Several of our engineering staff cleared snow in our parking lot 32 hours straight and I can personally attest that by 2:00 pm Wednesday afternoon our lot was clear of snow and a mountain of snow had been moved.  Several patient care staff slept in empty hospital rooms, on mats in outpatient areas, in reclining chairs and in waiting rooms because they were afraid they wouldn’t be able to make it back to the hospital to relieve their co-workers the next day.  Several staff took it upon themselves to rent hotel rooms close to the hospital because the threat of severe weather worried them that they might not be able to make it in.  The hospital provided 33 hotel rooms over a three day period for staff who wisely decided that travel conditions were too treacherous or for those that couldn’t make it home even if they were brave enough to try and for those staff who were afraid they might not make it back to the hospital if they did go home.  As I type this blog many staff still haven’t been home and are continuing to stay at the hospital or a local hotel – talk about commitment!

We made the decision to close our physician clinics and outpatient services Tuesday afternoon and Wednesday but instead of stay home, many of our clinic staff braved the elements to set up an in-house day care.  All of the area schools and day cares were closed so having the service in-house allowed many patient care staff the ability to work. Other clinic staff assisted in the ICU and ED and Kyle even helped Mark and I transport staff and prepare one of the 11 to 7 meals.

For two days all meals at the hospital were provided free of charge including a midnight meal both Tuesday and Wednesday.  Mark Mattes and I held vigil at the hospital 52 hours straight, providing rides for staff to and from their home, the hospital and local hotels because those staff were committed to caring for patients but had no travel options.  Many of the trips we took with staff were in horrible conditions and if we had any choice we would have stayed off the road but we were both fortunate and lucky, no one was injured, we also cooked a couple of meals and no one got sick – both were nothing short of a miracle!

We tend to focus on our problems and all the things we’d like to see done differently but the situation we experienced with the Blizzard of 2011 reminds us of all the things that make GVMH a special place.  Our staff care about their patients and they care about one another.  When times are most difficult we are at our best.
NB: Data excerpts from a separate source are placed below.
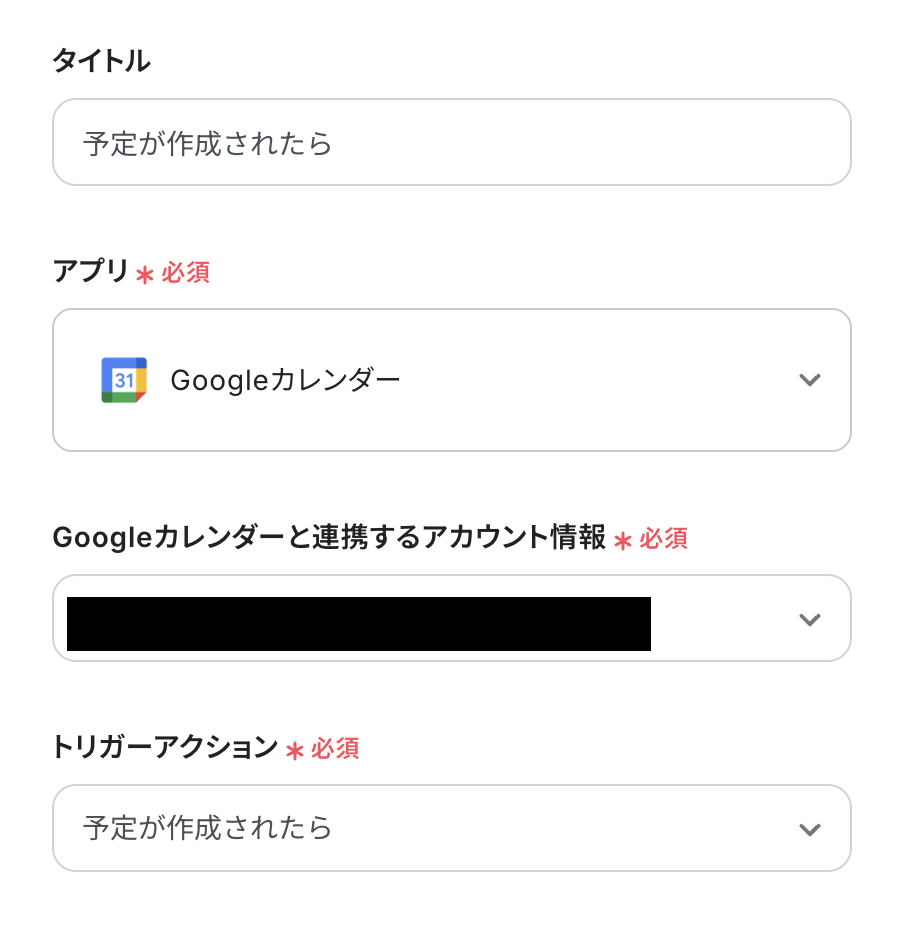 「トリガーアクション」:デフォルトで「予定が作成されたら」が選択されているので、変更しないでOKです!
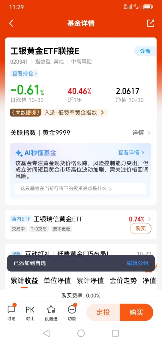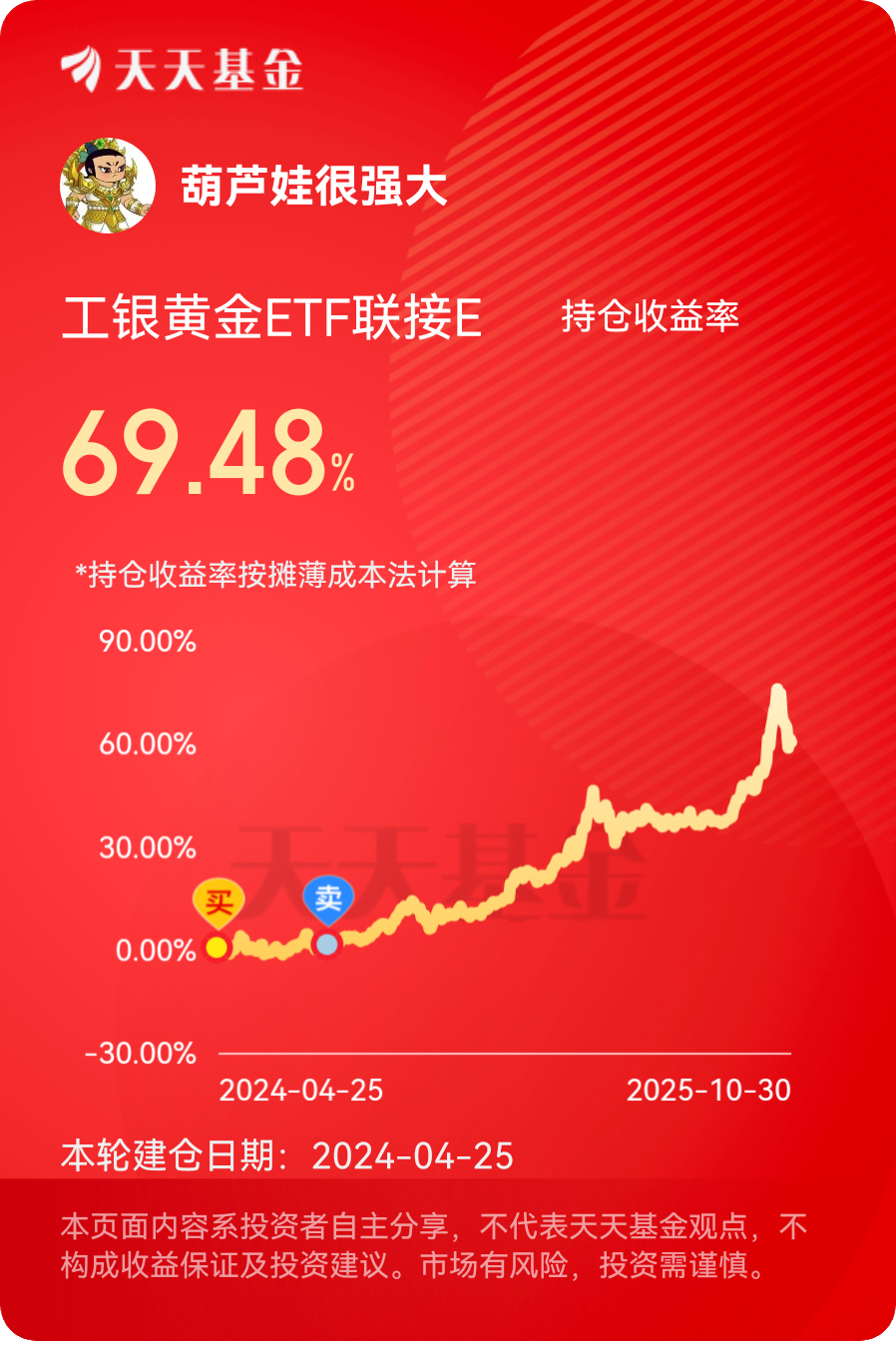 再经过以上认真的思考之后,我持有的是工银黄金ETF联接E(020341),因为它的长期历史业绩有目共睹。@工银瑞信基金
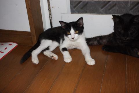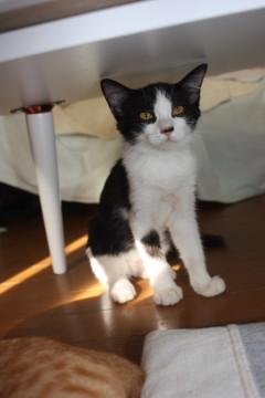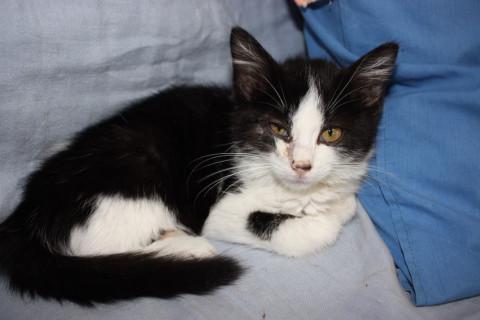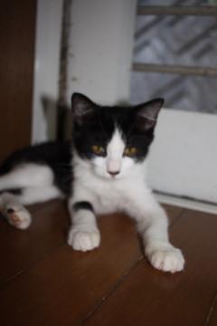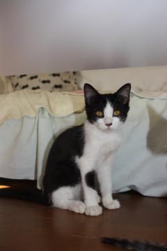可愛い黒白ハチワレ、ぐろりあちゃんです。お写真ではまだ結膜炎が残っていますが、現在ほぼ完治していてスッキリきれいになりました。最初だけ人見知りすることもありますが、大変人懐こく一緒に寝たり、ついてきてくれたり、お手伝い(邪魔)してくれたりとても可愛らしい子です。他の猫ちゃんにもフレンドリーです。尻尾の根元の白い模様がチャームポイント。
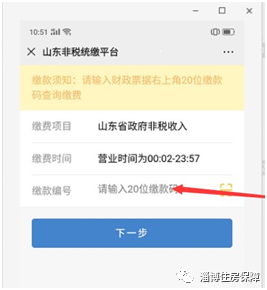 2.保障家庭通过微信或支付宝扫描交款二维码,手机界面跳转到山东非税统缴平台,输入20位缴款码进行缴款(缴款码向财务人员索要)。
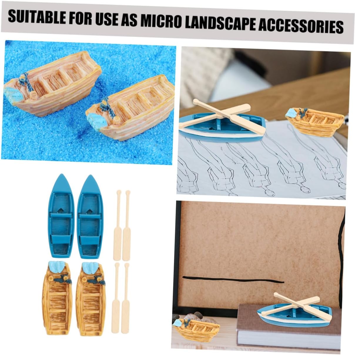 Piccole barche: buona struttura con eccellente fattura, queste barche sono ottime decorazioni per case delle bambole, decorazioni per micro paesaggi, tavoli di sabbia e altro ancora, Barche da spiaggia Barca: questo set di mini barche è un'eccellente scelta regalo per famiglie o amici, piacerà molto, Piccola barca a remi Barca in miniatura per case delle bambole: dimensioni compatte e peso leggero, può essere posizionata ovunque in casa, camera da letto, soggiorno, sala da pranzo come decorazione Be, modelli di mini barche Decorazione da spiaggia: con questo adorabile ornamento per barche in miniatura, mini barca, puoi facilmente creare il tuo paesaggio Figurina di barca in miniatura: adorabile e le delicate barche in miniatura possono anche essere una buona statuetta per i tuoi amici e compagni di classe, miniature di barche
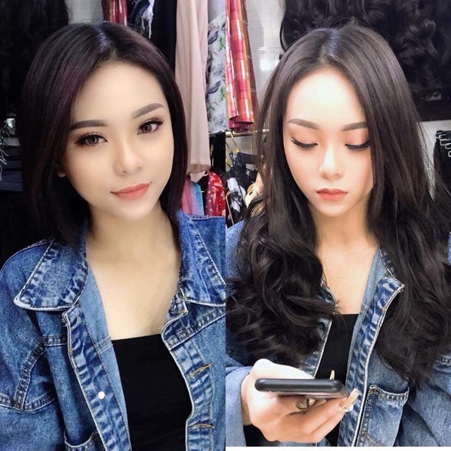 Tóc giả nữ kẹp ❤️dải ngang 6 phím❤️ Tóc giả kẹp xoăn 45cm
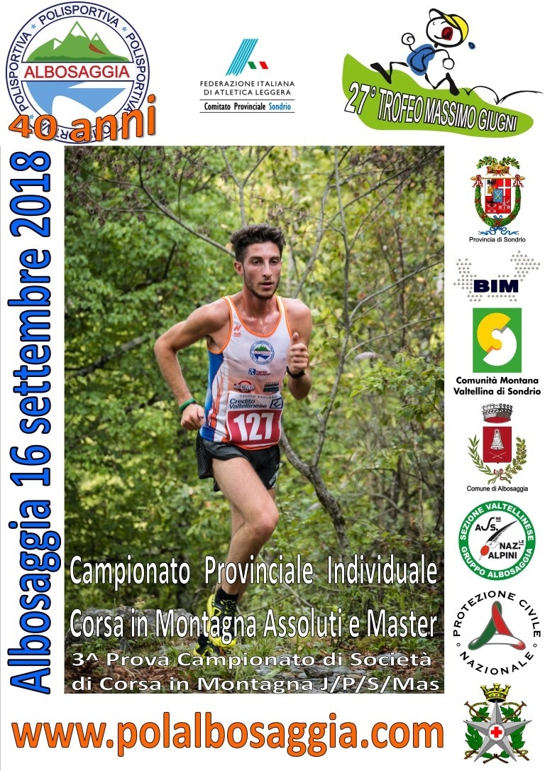 Il Trofeo Massimo Giugni impegnativa e veloce corsa in montagna, giunto alla 27ma edizione, quest'anno e' valevole come campionato Provinciale individuale di corsa in montagna per le categorie senior e master e come 3za prova del campionato Societa' di corsa in Montagna cat. JPSMas. Trattasi di una gara di corsa in montagna che dalla Moia sale sino a Gandola per poi terminare al Castello Paribelli in uno scenario fantastico. Domenica 16 settembre 2018 si disputera' la gara di corsa in montagna FIDAL per le categorie Juniores, Senior e Master e la corsa non competitiva aperta a tutti.

Here’s a list of “Snow” words I’m going to use to describe the Blizzard of 2011 when I tell stories in the years to come.  Let me know which descriptor you like best:

Snowmageddon, Snow. M. G., Snowtopia, Snoworrific, Snow-way, Snowzilla, Snoweze, Snowsux, Snowgantuous, Snowbomb, Snowified, Snowapolooza, Snowtally, Snowicane, Snownado, Snowbomination, and finally Snowbender!

P.S.  I’m writing this blog after having slept only a few hours in the last couple days.  I’ve proof read it four times and half the sentences don’t make sense but if you’ve read this far you’ve probably understood most of it!  If you need me – I’ll be taking a nap.

About Craig Thompson

I am a young professional with two great sons, and I work in the healthcare setting. I am employed in hospital administration and serve as Chief Operating Officer at Golden Valley Memorial Healthcare in Clinton, Missouri. These are challenging and exciting times in healthcare and my blog will focus on healthcare, raising boys or being raised by boys, and living in mid America.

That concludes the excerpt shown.